3 Between Traditions

4 Tracing the Other of History in History

Notes

5 A Master Builder with Hermeneutic Tact

I

II

III

IV

Notes

6 Israel or Athens: Where does Anamnestic Reason Belong?

Notes

7 Communicative Freedom and Negative Theology

I

II

III

IV

V

Notes

8 The Useful Mole who Ruins the Beautiful Lawn

I

II

III

IV

V

VI

VII

Sources

Index

Preface

This volume brings together essays and speeches which were written for various occasions. But the themes I addressed as these different opportunities arose may be of more general interest.

In comparison with other philosophers of their generation, the works of Ernst Cassirer and Karl Jaspers have not yet found the echo amongst younger thinkers which they deserve. In the first two chapters I investigate the underlying concerns which gave rise to their philosophies as a whole, with the aim of bringing out the contemporary relevance of their thought. By contrast, memories of the spontaneity of the great story-teller Gershom Scholem are still so vivid that only now are his writings beginning to emerge from the shadow of his unique personality. The central motif of his thinking is closely intertwined with the shimmering figure of the false prophet Sabbatai imagesevi.

In the remaining essays, I engage with friends and colleagues. Here, too, my conversations are more with the work than with the individual. They can be read as fragments of a history of contemporary philosophy. Alexander Kluge, the great theorizer among writers and film-makers, will forgive me for including him with philosophers, and even theologians.

J.H.
Starnberg, March 1996

1

The Liberating Power of Symbols

Ernst Cassirer’s Humanistic Legacy and the Warburg Library

This lecture was delivered on 20 April 1995 at the University of Hamburg.

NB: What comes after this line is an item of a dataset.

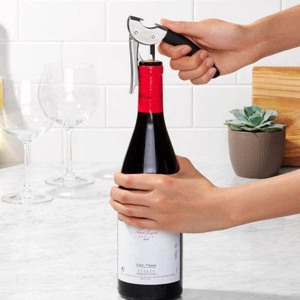 Designed to remove corks in 2 simple motions, OXO’s Double Lever Waiter's Corkscrew combines slim, compact form with no-fuss function. The non-stick screw glides smoothly into corks, then the second lever retracts for easy cork removal. Bottle opener is integrated into the comfortable, non-slip handle. Foil cutter folds out of the handle.

The dual occasion was the dedication of the restored Warburg Library building, and the fiftieth anniversary of the death of Ernst Cassirer (who died in New York on 13 April 1945).

For John Michael Krois, to whose admonition I shall seek to respond

I

When the University of Hamburg was founded after the First World War, Aby Warburg was able to carry out the plan he had long cherished of making his private library accessible to the public. The library became the focal point of an institute for interdisciplinary research in the human and cultural sciences, where students and visitors were able to work, and where university seminars and public lectures were held. For a small circle of scholars concerned with the study of religion it became an ‘organon of humanistic research’, as Cassirer was later to put it. In fact, Ernst Cassirer was one of the first to give a lecture there. The following entry can be found in the annual report of the Warburg Library for 1921, written by Fritz Saxl:

Professors Cassirer, Reinhardt, Ritter, Wolff, Junker, and Dr. Panofsky, are now constant users and patrons of the Library. It has even transpired that Prof. Cassirer, in a lecture to the Hamburg Society for the Study of Religion (of which Prof. Warburg was a founder), has taken up ideas which were earlier quite foreign to him, but which he found himself developing as a result of his use of the Library. Prof. Cassirer intends to expand on these ideas in a major work.1

The first volume of Cassirer’s Philosophy of Symbolic Forms did indeed appear two years later. However, the word of thanks to the Library that appears in the preface to the second volume, which is devoted to mythical thought, has a rather different emphasis:

The first drafts and other preliminary work for this volume were already far advanced when through my call to Hamburg I came into close contact with the Warburg Library. Here I found abundant and almost incomparable material in the field of mythology and general history of religion, and in its arrangement and selection, in the special intellectual stamp which Warburg gave it, it revolved around a unitary central problem related to the basic problem of my own work.2

At the beginning of that first lecture in the Library, Cassirer had already spoken in similar terms:

The questions with which I would like to deal… had already concerned me over a long period, but now it seemed as though they stood embodied before me. I had an overwhelming feeling that… this was not merely a collection of books, but a collection of problems. It was not the material of the Library which impressed me in this way; stronger than the impact of the material itself was that made by principles of its organization.3

The works which Warburg had collected belonged to many different disciplines, but, in Cassirer’s view, they were ‘connected to an ideal middle point’. Cassirer rightly emphasizes the independence of his own philosophical development. But the interest which Warburg and Cassirer shared in the symbolic medium of the human mind’s forms of expression was the basis of their intellectual affinity.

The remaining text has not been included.